Stored data:
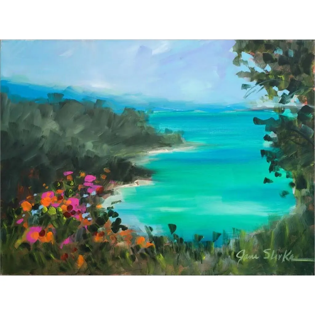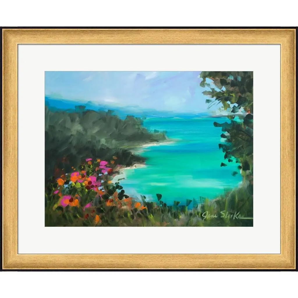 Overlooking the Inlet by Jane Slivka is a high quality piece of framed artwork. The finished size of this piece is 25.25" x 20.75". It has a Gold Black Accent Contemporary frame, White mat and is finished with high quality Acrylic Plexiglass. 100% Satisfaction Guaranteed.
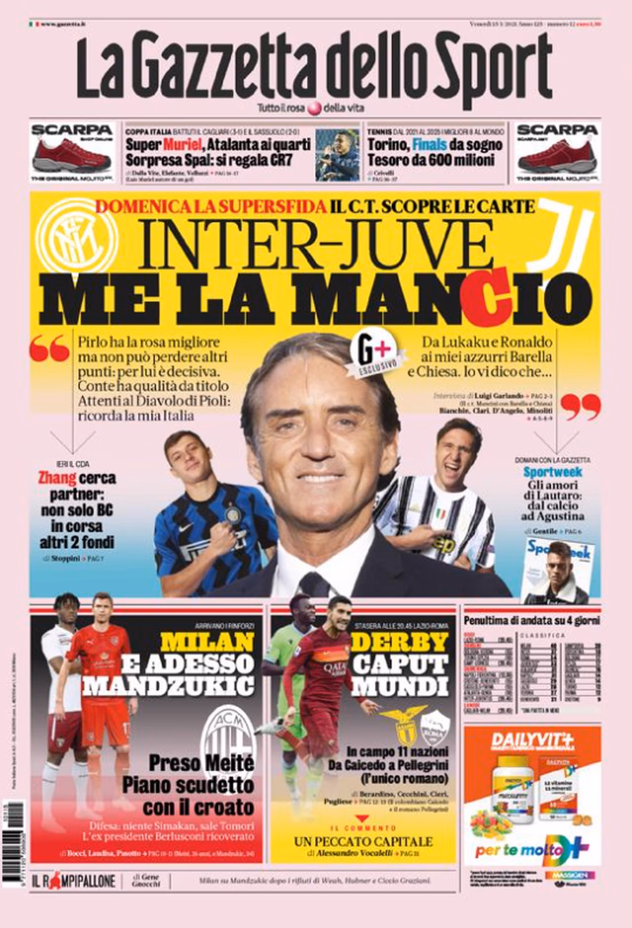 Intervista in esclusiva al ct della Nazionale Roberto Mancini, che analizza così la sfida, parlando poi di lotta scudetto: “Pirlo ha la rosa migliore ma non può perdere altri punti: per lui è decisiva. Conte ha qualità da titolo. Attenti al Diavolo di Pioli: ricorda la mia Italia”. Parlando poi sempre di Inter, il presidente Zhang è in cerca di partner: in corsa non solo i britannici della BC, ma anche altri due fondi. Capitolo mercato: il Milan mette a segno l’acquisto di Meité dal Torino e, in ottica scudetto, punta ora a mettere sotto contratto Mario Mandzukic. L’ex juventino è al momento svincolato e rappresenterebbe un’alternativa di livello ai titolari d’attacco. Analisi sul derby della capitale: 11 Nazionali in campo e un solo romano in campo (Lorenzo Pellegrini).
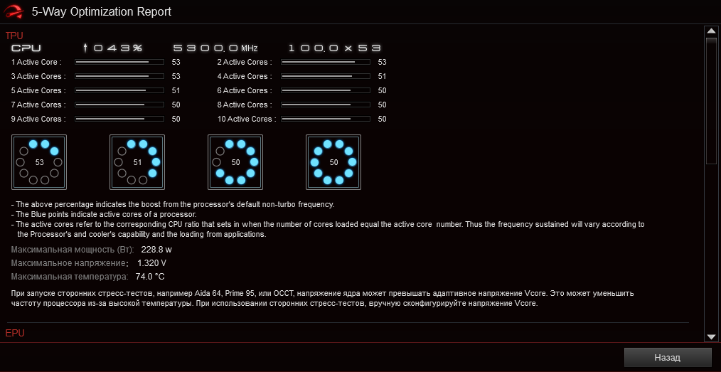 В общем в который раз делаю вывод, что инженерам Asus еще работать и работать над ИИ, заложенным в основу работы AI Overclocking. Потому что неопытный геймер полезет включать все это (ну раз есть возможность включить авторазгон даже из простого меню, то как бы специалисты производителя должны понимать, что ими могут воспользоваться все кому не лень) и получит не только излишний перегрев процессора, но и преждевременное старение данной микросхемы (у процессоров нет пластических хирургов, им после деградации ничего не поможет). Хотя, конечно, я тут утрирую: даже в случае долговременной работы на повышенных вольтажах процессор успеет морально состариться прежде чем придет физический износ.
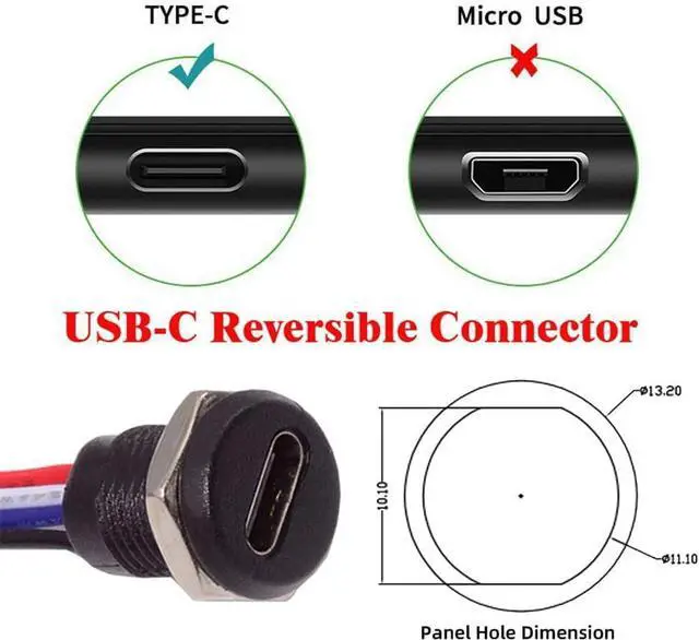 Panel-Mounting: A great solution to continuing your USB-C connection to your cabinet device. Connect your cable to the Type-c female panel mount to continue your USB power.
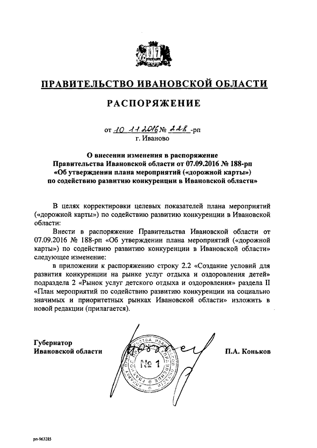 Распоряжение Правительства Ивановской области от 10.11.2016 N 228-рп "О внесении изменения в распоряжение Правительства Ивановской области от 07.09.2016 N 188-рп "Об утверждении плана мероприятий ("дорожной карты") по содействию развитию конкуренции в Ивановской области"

Aim of the task:
Look above for the line holding "Intervista in esclusiva" and output everything from it down to the line holding "Panel-Mounting: A great", both ends included, exactly and without images.

Output:
 Intervista in esclusiva al ct della Nazionale Roberto Mancini, che analizza così la sfida, parlando poi di lotta scudetto: “Pirlo ha la rosa migliore ma non può perdere altri punti: per lui è decisiva. Conte ha qualità da titolo. Attenti al Diavolo di Pioli: ricorda la mia Italia”. Parlando poi sempre di Inter, il presidente Zhang è in cerca di partner: in corsa non solo i britannici della BC, ma anche altri due fondi. Capitolo mercato: il Milan mette a segno l’acquisto di Meité dal Torino e, in ottica scudetto, punta ora a mettere sotto contratto Mario Mandzukic. L’ex juventino è al momento svincolato e rappresenterebbe un’alternativa di livello ai titolari d’attacco. Analisi sul derby della capitale: 11 Nazionali in campo e un solo romano in campo (Lorenzo Pellegrini).
 В общем в который раз делаю вывод, что инженерам Asus еще работать и работать над ИИ, заложенным в основу работы AI Overclocking. Потому что неопытный геймер полезет включать все это (ну раз есть возможность включить авторазгон даже из простого меню, то как бы специалисты производителя должны понимать, что ими могут воспользоваться все кому не лень) и получит не только излишний перегрев процессора, но и преждевременное старение данной микросхемы (у процессоров нет пластических хирургов, им после деградации ничего не поможет). Хотя, конечно, я тут утрирую: даже в случае долговременной работы на повышенных вольтажах процессор успеет морально состариться прежде чем придет физический износ.
 Panel-Mounting: A great solution to continuing your USB-C connection to your cabinet device. Connect your cable to the Type-c female panel mount to continue your USB power.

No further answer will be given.